Comment Re:just what we all love (Score 1) 243
Can't you both be right? price changes tend to happen in chunks throughout the supply chain. Your aluminum is $2/kg from the supplier and then one day they tell you it is now $2.25. You suck it up for a while but then when they raise it again to $2.35 you finally say now we need to charge the customer more. That is why everything in Walmart can be *.97, you don't see a whole bunch of 1.36 products etc. prices move (stupid new keyboard is defective p apparently doesn't work with the shift key, nice) because they retailer has a pricing model, whether it be a standard ending on the end of prices, or "brackets" they place different categories of goods into etc.

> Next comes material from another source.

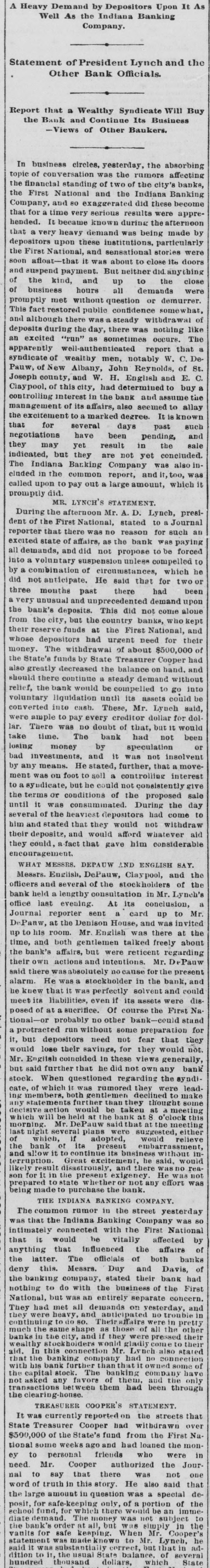 As It As Well Demand by Depositors Banking Upon A Heavy the Indiana Company. the Statement of President Lynch and Other Bank Officials. Buy the Report that a Wealthy Continue Syndicate Its Business Will Bank -Views and of Other Bankers. In business circles, yesterday, the rumors the absorbing affecting topic of conversation was of two of the city's Banking banks, and the financial standing and the Indiana become the First National 80 exaggerated did these were appreCompany, a time very serious during results the afternoon that for became known made by a very heavy institutions. hended. It demand was being particularly it depositors that upon these sensational stories were afloat-that the First National, and was about to close its doors neither did anything soon suspend payment. But to the close hours of and the kind, and all up demands were demurrer. of business met without question or somewhat, promptly restored public confidence withdrawal of This fact was steady like as "run" and although there there was nothing The deposits during the day, sometimes occurs. that a an excited weil-authenticated notably report W. C. Deapparently wealthy men, Reynolds, of St. Pauw, syndicate of of New Albany, W. John H. English and buy E. C. a Joseph county, this city, and had determined assume to the Clay pool, of in the bank and allay the controlling interest its affairs, also seemed It is to known management excitement of to marked days degree. past such and that for several have been pending, the sale negotiations yet result in concluded. they may but they are not yet was also called upon indicated, Indiana Backing Company report, and too, was it cluded The in the to pay common out a large amount, which promptly did. LYNCH'S STATEMENT. presiDuring the MR. afternoon Mr. stated A.D. Lynch, to a Journal dent of the First there National, was no reason for was such paying an excited reporter state that of affairs, not as the propose bank to be forced all demands, and enspension did unless compelled which he to did not into a voluntary of circumstances, for two or there by a combination anticipate. He said that had been three months past unprecedented demand alone upon unusual and did not come a very bank's deposits. This banks, who kept from the the city, but the country the First National, their and their reserve depositors funds had at urgent about need $500,000 for of whose The withdrawal of Cooper had money. funds by State Treasurer on hand. and a also the State's greatly decreased the steady balance demand without into voluntary should there bank continue would be compelled assets to could go be into cash. These, relief, the liquidation until ite Mr. Lynch said, for doldollar creditor converted ample to pay every of that, but it would been were There was no doubt had not or lar. time. The bank speculation any means. losing take money and by it was not insolvent movea sell controlling bad investments. He stated, further, that interest a give ment by was on foot to he could not consistently sale a syndicate but of the proposed the day to terms or conditions During to the was consummated. had come until it of the heaviest depositors would not withdraw several and stated that they afford whatever aid they could, their him deposite, fact and that would gave him considerable encouragement. DEPAUY AND ENGLISH and SAY the of Messrs. WHAT MESSRS. English, DePauw, the stockholders Claypool, Lynch's of the At officers held and a several lengthy consultation its conclusion, in Mr. Mr. bank office last reporter evening. sent a card and up was to invited Mr. Journal DePanw, at the Denison English House, was there at about the up to his room. both gentlemen talked reticent freely regarding time, and but were Mr. DePauw the bank's affairs, and intentions. the present their own actions no cause for and said there as absolutely stockholder in the bank, and could alarm. He that was it was perfectly solvent assets were dismeetits knew liabilities, even Of course its the First stand Na tional-or some posed of at probably subrifice. no other preparation k-could for they protracted run without need not fear would that not. a but depositors savings, for they generally, would it. lose their in these views bank Mr. English coincided that he did not own any the syndibut said further questioned regarding were leadstock. When rumored they to make of which both gentlemen thought 80 cate, ing statements members, further would was be than taken they declined at a t a meeting o'clock some this decisive any action be held at the said bank that the meeting either morning. several plans adopted, which will Mr. DePauw were suggested, would relieve sement, inlast night which, present without of bank of continue its its business he said. would and the allow it Great excitement and there He was reafor it in the whether terruption. likely custrously present exigency. not any effort was son state the bank. being prepared made to purchase BANKING COMPANY. INDIANA street yesterday common THE rumor Banking in the Company was was The that the Indiana with the First affected National by intimately connected he vitally affairs of that it would influenced the banks anything that The officials of and both Davis, of the latter. this. Messrs. stated Duy their bank First had nothing deny banking company, the business of the aD had the to do with entirely separate concern. and vesterday, continuing National, but met was all dewands anticipated on no trouble in pretty in shape They they were heavy, and Their rifairs as those were all pressed the other their much the in the city, same and if would they gladly were come also stated their banks shoiders connection Mr. Lynch no connection of wealthy In this company that had it owned some aid. the banking than company have that his bank further The banking and the only transactions not asked any tween them with the capita stock. favore of them, had been through that the the clearing-honee COOPER'S STATEMENT.

I agree though: taxes on profits not total revenue does help a lot though. Same thing with the personal tax rate. When people say you can raise the top bracket it is just silly. 1) If you were making $300k and they changed the tax rate would you chose to stop at say $200k so you wouldn't hit the new high bracket or would you "settle" for making $275k this year? people tend to get used to making a certain amount and plan their spending accordingly. Which means they are still highly incentivized to earn (before tax) at least as much as before the tax rate hike. 2) A lot of high earners aren't making their money by salary: they are "choosing" to make X amount of money every year regardless of the tax rate. How much they keep and how much the tax man gets doesn't really affect them much. The investments, creative works whatever are already done. New investments needing bank loans might be another issue but that is what equity is for. If equity does get spread out because they can't get favorable loans, it will likely go at favorable multiples, which means the same revenue gets split more ways, less people in the top bracket and we get a more balances wealth distribution with fewer and fewer people hitting the "unfair" high bracket.